Word for word, restate the lines from the one holding "清晨的油菜花带着露水,山下,村子已开始一天的忙碌 2012/7/18 8:30" through the last line of the material below, and leave every picture out.

Provided data Block Start

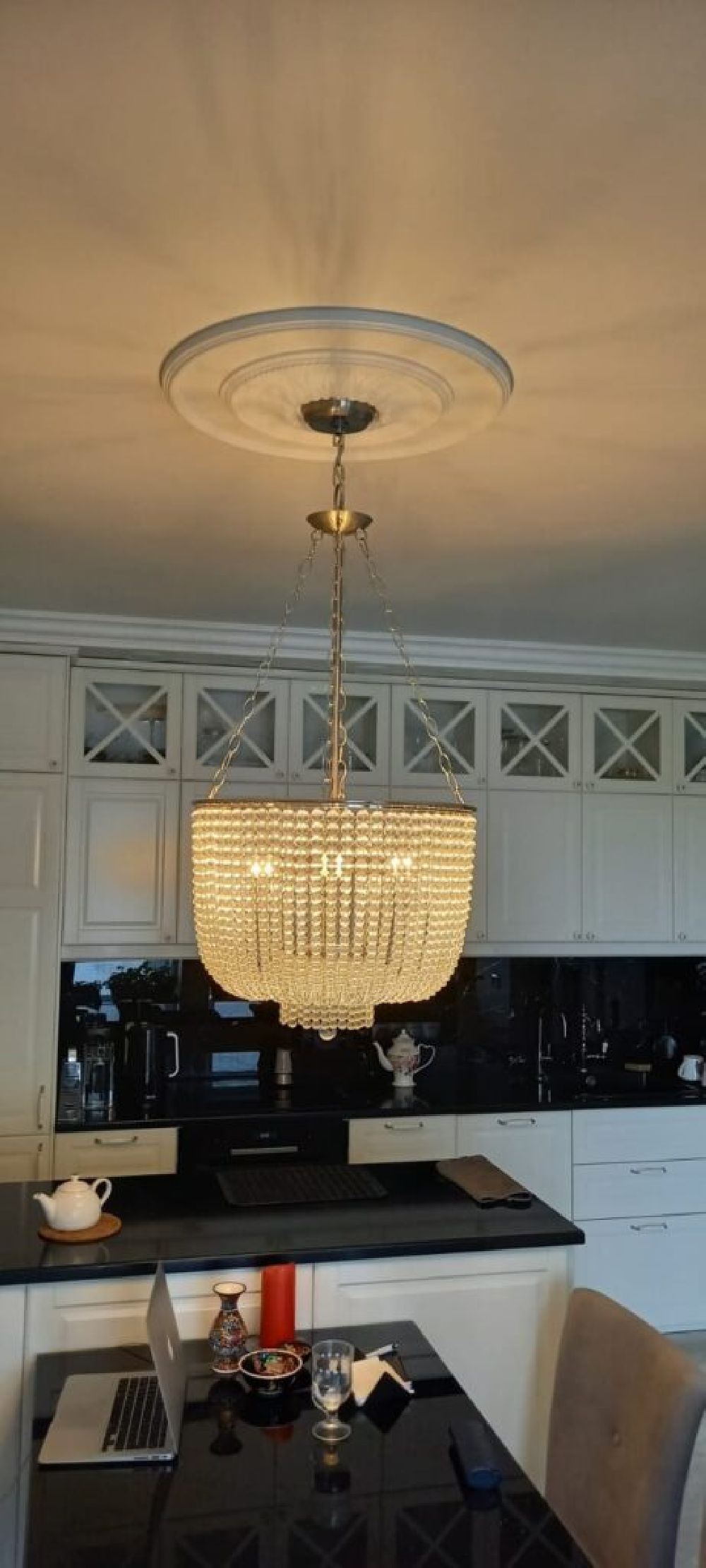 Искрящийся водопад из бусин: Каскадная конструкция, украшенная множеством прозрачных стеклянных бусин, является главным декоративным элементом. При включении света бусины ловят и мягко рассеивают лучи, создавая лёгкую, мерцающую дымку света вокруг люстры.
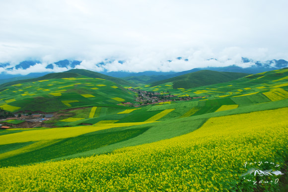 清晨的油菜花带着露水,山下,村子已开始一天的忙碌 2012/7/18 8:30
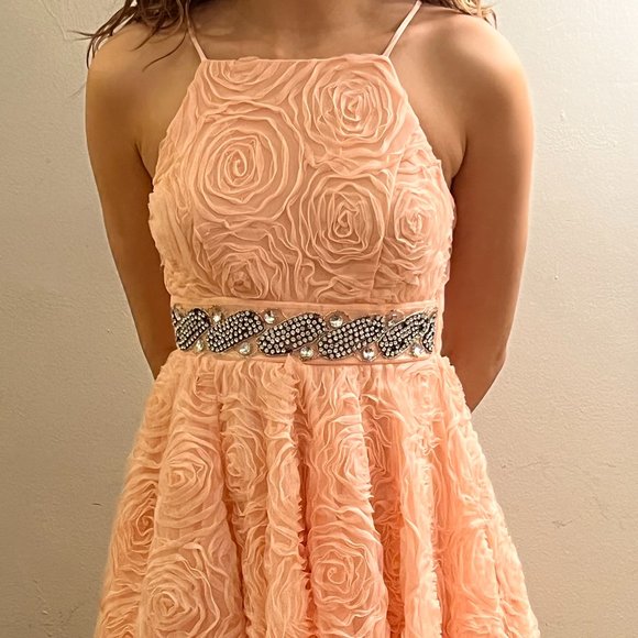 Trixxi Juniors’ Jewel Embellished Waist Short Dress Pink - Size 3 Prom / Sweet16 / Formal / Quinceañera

Provided data Block End

[Expected answer]:
 清晨的油菜花带着露水,山下,村子已开始一天的忙碌 2012/7/18 8:30
 Trixxi Juniors’ Jewel Embellished Waist Short Dress Pink - Size 3 Prom / Sweet16 / Formal / Quinceañera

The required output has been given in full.